Я внимательно наблюдал за игрой на всех этапах и думаю, что операции с армянами полковник придавал исключительно важное значение, она должна была стать вершиной его деятельности в «Дубров-лаге»: игра велась серьезная, это была не просто гебистская постановка (гебисты обожают спектакли), не провокация — нет, Полковник на самом деле добивался политического компромисса с заключенными, с членами НОП. Зачем это понадобилось его шефам? — спросят читатели. Могу предложить их вниманию только собственные домыслы, основанные на случайной фразе, которая выскочила у ереванских гебистов в беседе с отважным бойцом НОП Размиком Маркосяном — он цитировал ее мне:

— Вы даже представить не можете, как вы вредите нашей республике!

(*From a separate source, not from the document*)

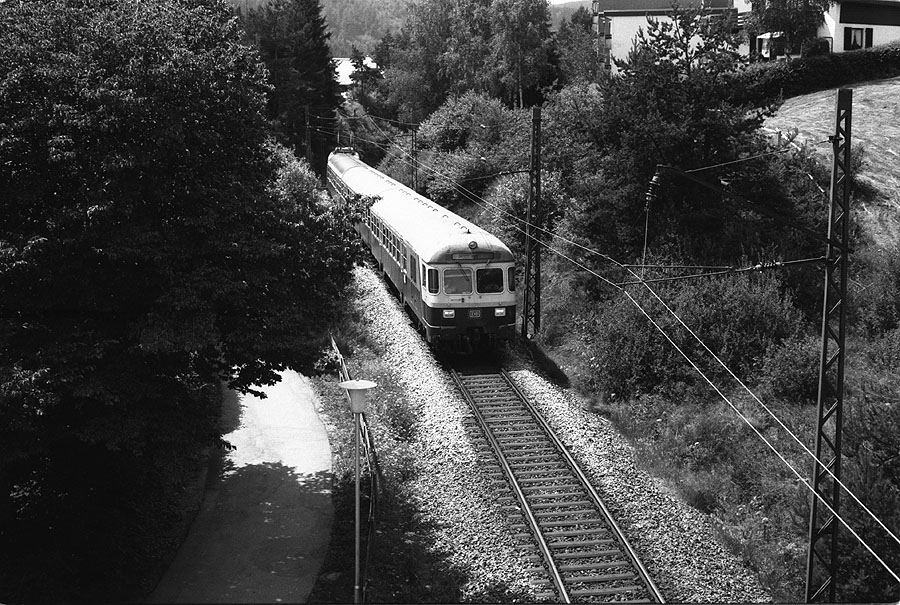Auf der Dreiseenbahn nahe Schluchsee begegnet mir am 29.07.1987 diese Wendezuggarnitur

Какова же была диспозиция игры со стороны Айрикяна? Далее я смогу снабжать читателя не домыслами, пусть правдоподобными, а излагать факты, что называется, из первых рук: Паруйр делился со мной своими предположениями и планами.

Полковник хотел получить от него отказ от продолжения политической (и, конечно, подпольной) деятельности, но не требовал обязательной для «помиловки» формулы: отречения от своих убеждений. В обмен предлагалось освобождение из заключения всех арестованных членов НОП.

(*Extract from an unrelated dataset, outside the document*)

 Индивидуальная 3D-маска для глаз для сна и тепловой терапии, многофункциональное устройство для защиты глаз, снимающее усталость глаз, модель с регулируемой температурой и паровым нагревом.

Приемлемо ли было это для Айрикяна? Опыт короткой передышки между первым и вторым арестом убедил его: заниматься подпольной и организаторской деятельностью, находясь под надзором ГБ, не слишком-то целесообразно. Такой человек, как он, может и в этом положении много сделать, но в конце неизбежен скорый провал людей и, что важнее, провал людей, которые связываются с бывшим заключенным и действуют по его указаниям. Отбыв срок, Айрикян начинал служить для гебистов своего рода «подсадной уткой» — к нему тянулись новые борцы, и здесь, На его квартире, их легче всего было выслеживать. Паруйр пришел к выводу — так он говорил мне, — что начинать сначала организационно-подпольную работу после десяти лет срока и через десять месяцев загреметь в Мордовию, утащив за собой молодых, -это вряд ли можно считать целесообразным методом борьбы. Следовательно, то, что предлагал "ему полковник — отход от активной

 

- 253 -

политической работы, — уже рассматривался самим Айрикяном как один из перспективных вариантов. Это в его глазах вовсе не означало измены или отхода от НОП: конкретную политическую организационную работу могли вести в будущем либо уцелевшие члены организации, либо вновь завербованные сторонники — в молодых патриотах нехватки не ощущалось. Себе же и другим ветеранам Паруйр мог отвести иную функцию: возможность духовного влияния на жизнь общества. Так как от него не требовали ни отказа от идеалов НОП, ни признания ошибочности его убеждений, у него оставалось достаточно возможностей, чтобы, не потеряв лица, выйти с успехом из начавшихся переговоров. Не стоит забывать: ему предлагали цену немалую — освобождение всех товарищей, да и самому Айрикяну оставалось сидеть тогда в общей сложности семь лет! Приступить к активной жизни на воле на семь лет раньше — это и для молодого человека цена большая.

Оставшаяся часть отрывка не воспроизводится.